[Records drawn from a dataset]
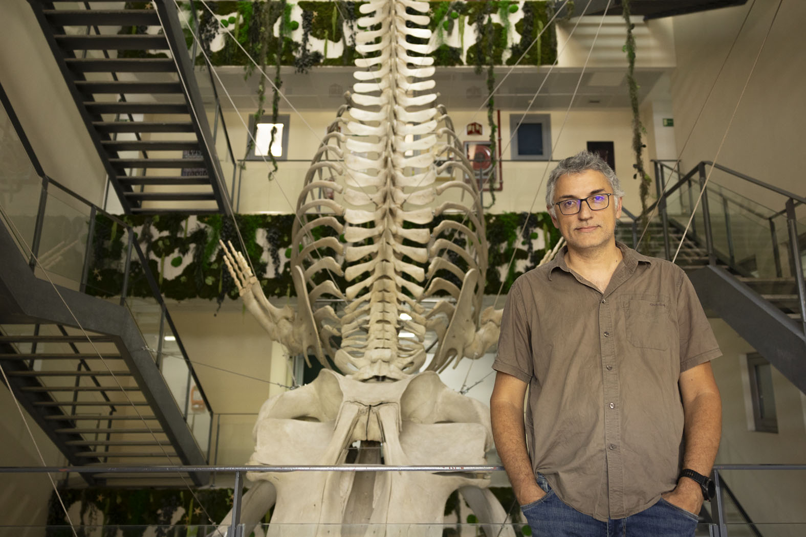 Un gran esqueleto de ballena de unos 6 metros de largo cuelga del techo del vestíbulo en la sede de la Estación Biológica de Doñana en Sevilla.
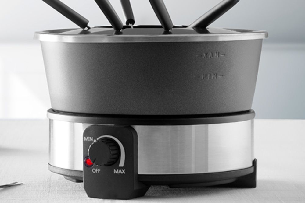 Stil fonduesættet på bordet, så I kan nyde noget kvalitetstid sammen under middagen. Denne meget alsidige fonduegryde er udstyret med en justerbar termostat og en aftagelig gaffelring, så du kan bruge den til mange forskellige retter, f.eks. schweizisk ostefondue, chokoladefondue eller en traditionel fondue med olie.
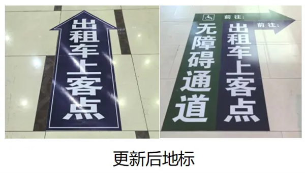 市交通運(yùn)輸局高度重視,第一時(shí)間聯(lián)合產(chǎn)權(quán)單位開(kāi)展排查梳理。8月底前,相關(guān)部門對(duì)廣場(chǎng)無(wú)障礙通道、出租車上客點(diǎn)等關(guān)鍵區(qū)域的指引地標(biāo)進(jìn)行了全面升級(jí)換新。清晰的指引地標(biāo)讓旅客出行更方便,也在無(wú)形中提升旅客對(duì)鎮(zhèn)江的好感度。
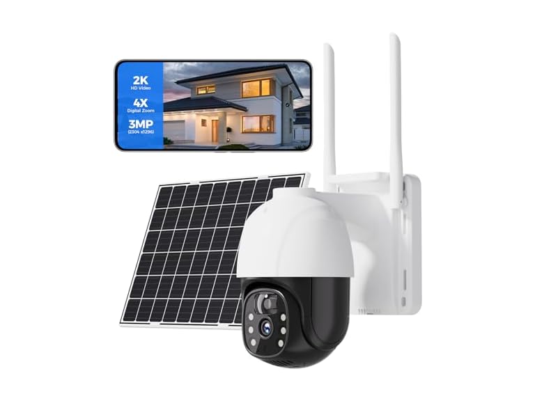 - Solar Powered & Wireless - The solar panels of this security camera convert sunlight into electrical energy, which is stored in a built-in high-capacity battery. The solar panels and built in battery ensures continuous power supply even on rainy days. The wireless security camera supports 2.4G WiFi (5G WiFi is NOT supported), enabling a truly wireless connection and installation. You can install it anywhere without worrying about cables, achieving a genuinely convenient setup.
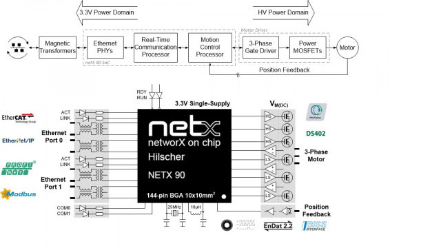 펌웨어 구성 솔루션으로 여러 실시간 네트워크 프로토콜을 지원하는 힐셔의 오랜 전략은 새로운 넷모션 솔루션을 통해 모션 제어 영역까지 확장됐다. 일반적으로 모션 및 모터 제어 시스템을 위한 칩 솔루션은 실시간 이더넷 연결을 지원하지 않는 경우가 많지만 힐셔의 netX 90 멀티 프로토콜 네트워크 칩은 넷모션을 이용해 산업용 통신과 다목적 모션 제어 기능을 단일 칩에 통합할 수 있다.
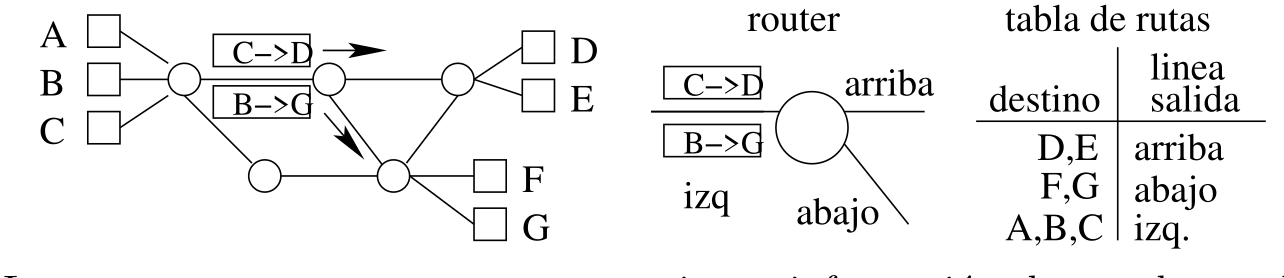 Cada paquete tiene en su cabecera la dirección IP de destino. Cuando llega a un router, este leer la dirección y decir por qué camino enviarlo, colocándolo en en la cola de salida más adecuada. Esto se conoce como encaminamiento y se usa una tabla de rutas para decidir a qué cola se debe enviar el paquete. Estas tablas se actualizan continuamente para reflejar los cambios en la red. Los routers además no almacenan ninguna información sobre los paquetes anteriores, por lo que paquetes de la misma transmisión pueden seguir rutas diferentes y podrían llegar al destino desordenados.

PROBLEM TO SOLVE
Return the records above exactly as written, but without any of the pictures.

WRITTEN SOLUTION
 Un gran esqueleto de ballena de unos 6 metros de largo cuelga del techo del vestíbulo en la sede de la Estación Biológica de Doñana en Sevilla.
 Stil fonduesættet på bordet, så I kan nyde noget kvalitetstid sammen under middagen. Denne meget alsidige fonduegryde er udstyret med en justerbar termostat og en aftagelig gaffelring, så du kan bruge den til mange forskellige retter, f.eks. schweizisk ostefondue, chokoladefondue eller en traditionel fondue med olie.
 市交通運(yùn)輸局高度重視,第一時(shí)間聯(lián)合產(chǎn)權(quán)單位開(kāi)展排查梳理。8月底前,相關(guān)部門對(duì)廣場(chǎng)無(wú)障礙通道、出租車上客點(diǎn)等關(guān)鍵區(qū)域的指引地標(biāo)進(jìn)行了全面升級(jí)換新。清晰的指引地標(biāo)讓旅客出行更方便,也在無(wú)形中提升旅客對(duì)鎮(zhèn)江的好感度。
 - Solar Powered & Wireless - The solar panels of this security camera convert sunlight into electrical energy, which is stored in a built-in high-capacity battery. The solar panels and built in battery ensures continuous power supply even on rainy days. The wireless security camera supports 2.4G WiFi (5G WiFi is NOT supported), enabling a truly wireless connection and installation. You can install it anywhere without worrying about cables, achieving a genuinely convenient setup.
 펌웨어 구성 솔루션으로 여러 실시간 네트워크 프로토콜을 지원하는 힐셔의 오랜 전략은 새로운 넷모션 솔루션을 통해 모션 제어 영역까지 확장됐다. 일반적으로 모션 및 모터 제어 시스템을 위한 칩 솔루션은 실시간 이더넷 연결을 지원하지 않는 경우가 많지만 힐셔의 netX 90 멀티 프로토콜 네트워크 칩은 넷모션을 이용해 산업용 통신과 다목적 모션 제어 기능을 단일 칩에 통합할 수 있다.
 Cada paquete tiene en su cabecera la dirección IP de destino. Cuando llega a un router, este leer la dirección y decir por qué camino enviarlo, colocándolo en en la cola de salida más adecuada. Esto se conoce como encaminamiento y se usa una tabla de rutas para decidir a qué cola se debe enviar el paquete. Estas tablas se actualizan continuamente para reflejar los cambios en la red. Los routers además no almacenan ninguna información sobre los paquetes anteriores, por lo que paquetes de la misma transmisión pueden seguir rutas diferentes y podrían llegar al destino desordenados.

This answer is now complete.